- **Dataset content**
+---+

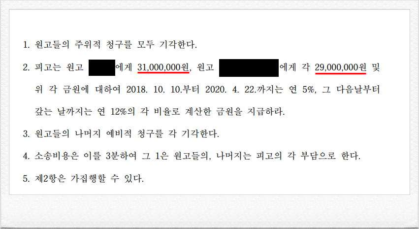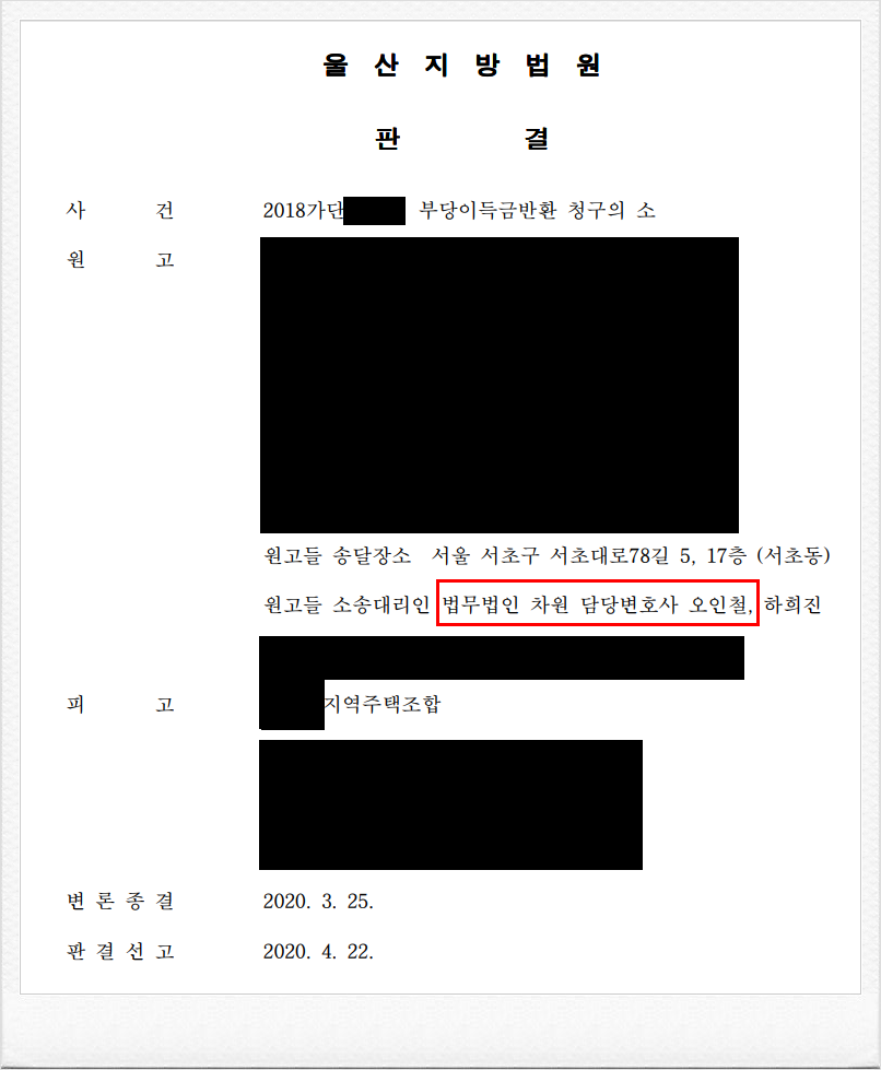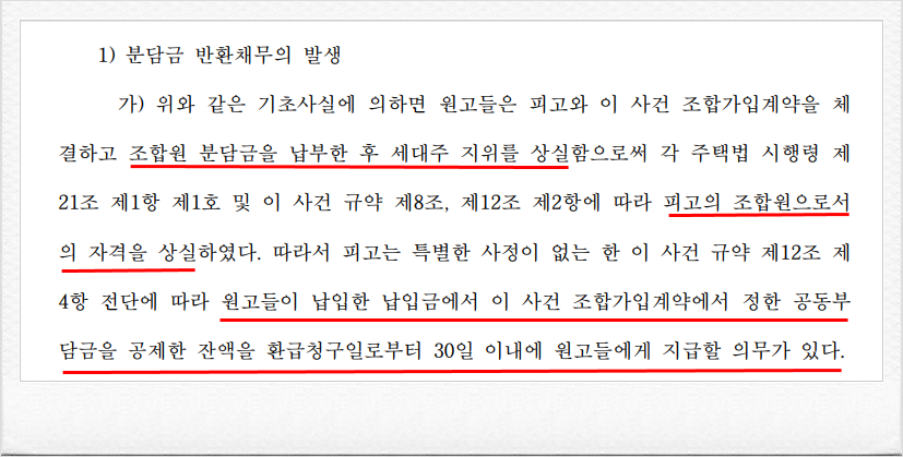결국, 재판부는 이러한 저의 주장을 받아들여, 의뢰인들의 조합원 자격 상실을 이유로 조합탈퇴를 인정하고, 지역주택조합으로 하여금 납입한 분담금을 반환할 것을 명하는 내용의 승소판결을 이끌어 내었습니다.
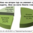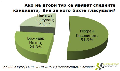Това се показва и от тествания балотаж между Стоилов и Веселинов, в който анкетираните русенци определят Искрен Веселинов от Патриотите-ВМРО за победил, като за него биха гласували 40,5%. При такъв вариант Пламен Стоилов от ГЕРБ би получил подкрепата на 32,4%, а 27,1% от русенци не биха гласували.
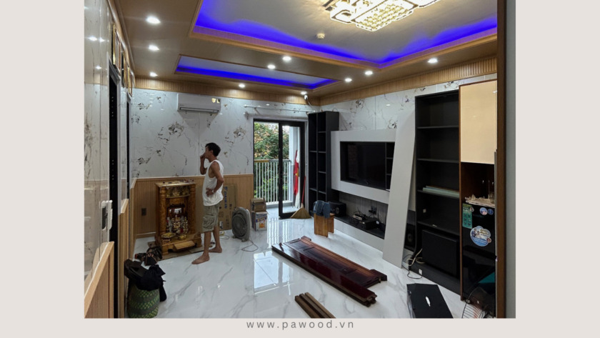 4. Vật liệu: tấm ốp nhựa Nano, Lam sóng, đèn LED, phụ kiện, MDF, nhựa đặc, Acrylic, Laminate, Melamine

+---+

For the material above, repeat each line exactly and leave out the pictures.

- **Result below**
결국, 재판부는 이러한 저의 주장을 받아들여, 의뢰인들의 조합원 자격 상실을 이유로 조합탈퇴를 인정하고, 지역주택조합으로 하여금 납입한 분담금을 반환할 것을 명하는 내용의 승소판결을 이끌어 내었습니다.
Това се показва и от тествания балотаж между Стоилов и Веселинов, в който анкетираните русенци определят Искрен Веселинов от Патриотите-ВМРО за победил, като за него биха гласували 40,5%. При такъв вариант Пламен Стоилов от ГЕРБ би получил подкрепата на 32,4%, а 27,1% от русенци не биха гласували.
 4. Vật liệu: tấm ốp nhựa Nano, Lam sóng, đèn LED, phụ kiện, MDF, nhựa đặc, Acrylic, Laminate, Melamine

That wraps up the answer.